### EXERCISE:
With pictures omitted, the line containing "Bajando del monte" and all later lines of the records below are to be restated word for word.

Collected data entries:

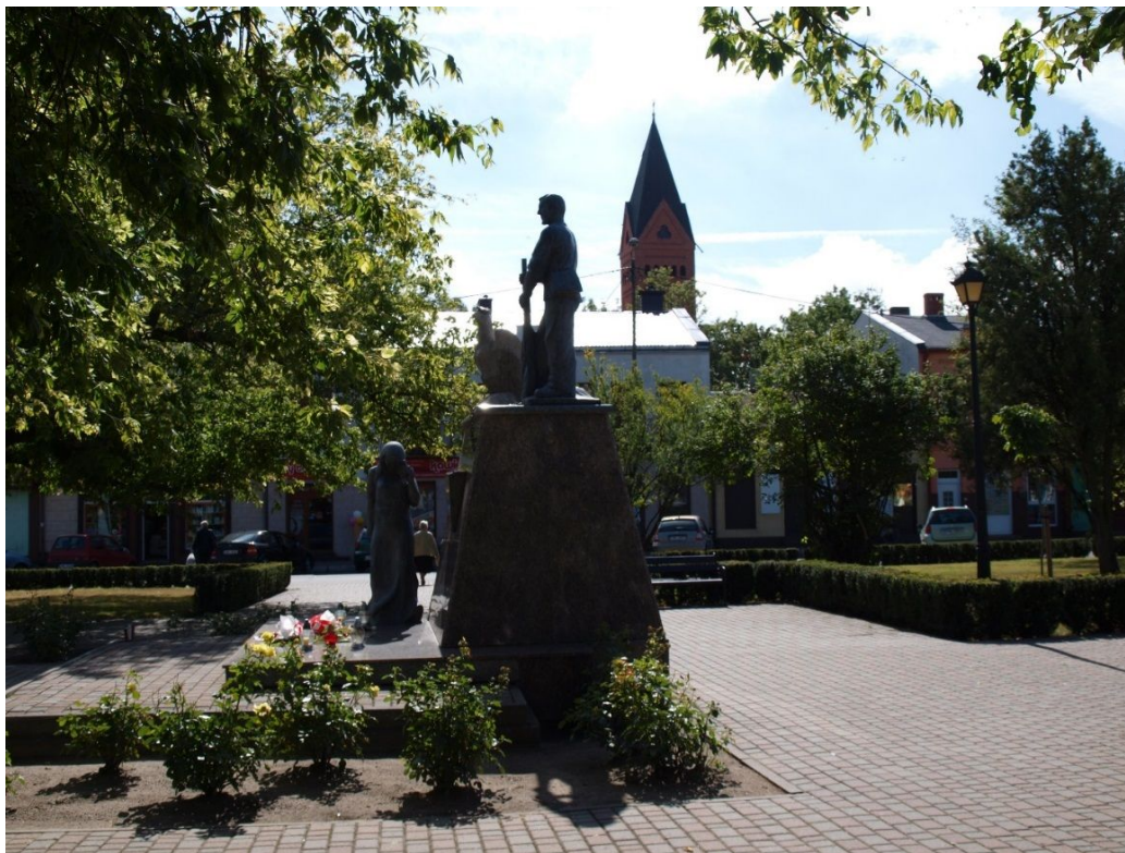
Fot. 8. Pomnik na rynku w Lubrańcu.
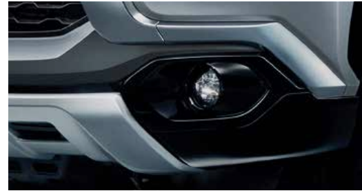
ชุดชายกันชนหน้า (มีสีดำและสีเทาดำ) Front Corner Protector
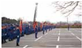
地域の安全安心を守ります

消防本部・消防署・消防団・民間防火団体などの消防機関が1年間の安全安心を願い、人員・装備や消防訓練の成果を広く市民の皆さんに披露します。ふれあいながら消防・防災への理解を深める良い機会です。ぜひご来場ください。 日時 ＝1月13日(日)午前9時30分 ※雨天の場合は、午前10時から君津市民文化ホール・大ホールで式典のみ行います。 会場 ＝君津市民文化ホール・駐車場 内容 ＝▼消防団による中隊訓練▼分列行進▼地震体験車による地震体験▼消防広場(きみびょんやミニ消防車との記念撮影、煙体験、豚汁の無料サービスなど) 問 消防総務課 ☎(53)1902
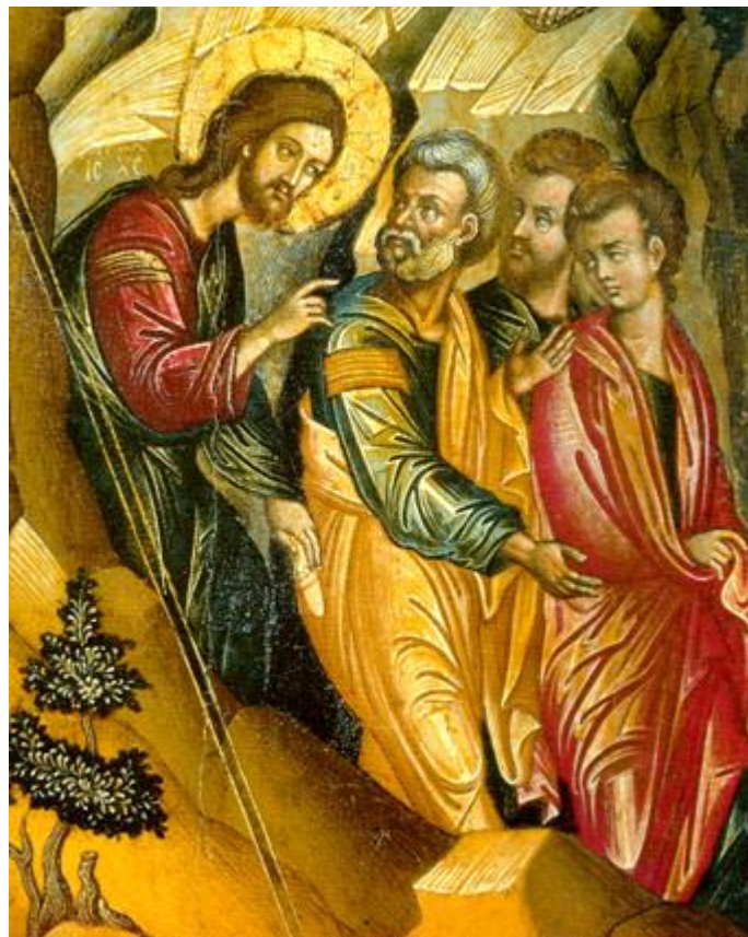
Bajando del monte santo de la T ransfiguración...
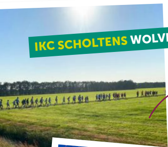
IKC SCHOLTENS WOLVEGA

Avond 4-daagse Wandelen onder een stralende zon.
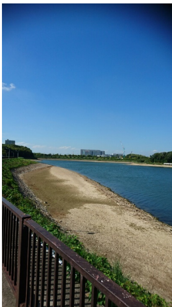
600m 付近からゴールの状況

### COMPLETED EXERCISE:
Bajando del monte santo de la T ransfiguración...
IKC SCHOLTENS WOLVEGA

Avond 4-daagse Wandelen onder een stralende zon.
600m 付近からゴールの状況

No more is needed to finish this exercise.